As early as July 2016, the Internet Archive began preparing for the anticipated loss of US Government information that would surely result from the presidential transition on January 20th. Using tools developed by the excellent digital repositories team at the University of North Texas, Internet Archive crawled all websites in the .gov domain and harvested their content for permanent preservation on the Wayback Machine. Additionally, they invited librarians, researchers, and academics from around the country to nominate sites outside of the .gov range (social media feeds, .com and .edu sites, etc.) for inclusion in the harvest. In all, they planned to collect webpages from 6,000 government domains, over 200,000 hosts, and feeds from around 10,000 official federal social media accounts.
It seems that work is already proving its value.
Just hours after assuming office on Friday, the Trump Administration removed a number of documents from agency websites without offering prior warning or alternative means of access.
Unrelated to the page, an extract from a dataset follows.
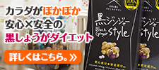話題の「黒しょうが」を独自製法で100%サプリメントにした唯一のサプリメントが「黒ジンジャーStyle」です。抗肥満、抗酸化作用に加えて基礎代謝、基礎体温の向上に役立つといわれております。

The New York Times reported on a handful, including the Depart of Labor’s report on Advancing LGBT Workplace Rights (formerly at https://www.dol.gov/asp/policy-development/lgbt-report.pdf) and a mass of Whitehouse.gov material relating to climate change and foreign policy. Thankfully that information was recovered. The LGBT report is now at https://archive.org/details/lgbt-report, and the Obama Administrations climate change policy is preserved on any one of the 24 thousand snapshots the Wayback Machine made of Whitehouse.gov in the month preceding the inauguration. To service specific information needs pertaining to presidential transitions, the “End of Term” Project Team has set up a special web portal for searching and browsing government information that has been collected.
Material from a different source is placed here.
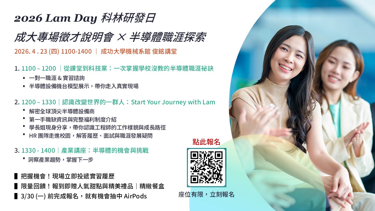 想深入了解半導體產業的第一線趨勢,並探索國際級外商的職涯機會嗎? 美商科林研發(Lam Research) 將於 4 月23 日(四) 走進國立成功大學,舉辦 「Lam Day 科林研發日|成大專場徵才說明會 × 半導體職涯探索日」,誠摯邀請你一同參與!

I want to make clear that the disappearance of government information during executive transition is by no means limited to this most recent transference of power. In the transition between the 2008 and the 2012 Obama Administrations, 83% of all .gov pdfs were switched out, updated, or removed, with no comprehensive effort made to preserve them. While the examples of document disappearance we witnessed over the weekend were clearly politically-motivated, there is a much more massive and in many ways more important loss of information that is occurring on government websites every day caused nothing more than simple administrative carelessness. We owe a tremendous debt to civically-driven institutions like Internet Archive and University of North Texas Libraries, which have accepted the responsibility and expense of preserving the US Government’s web-based information, even as that same government fails to fulfill this service for itself.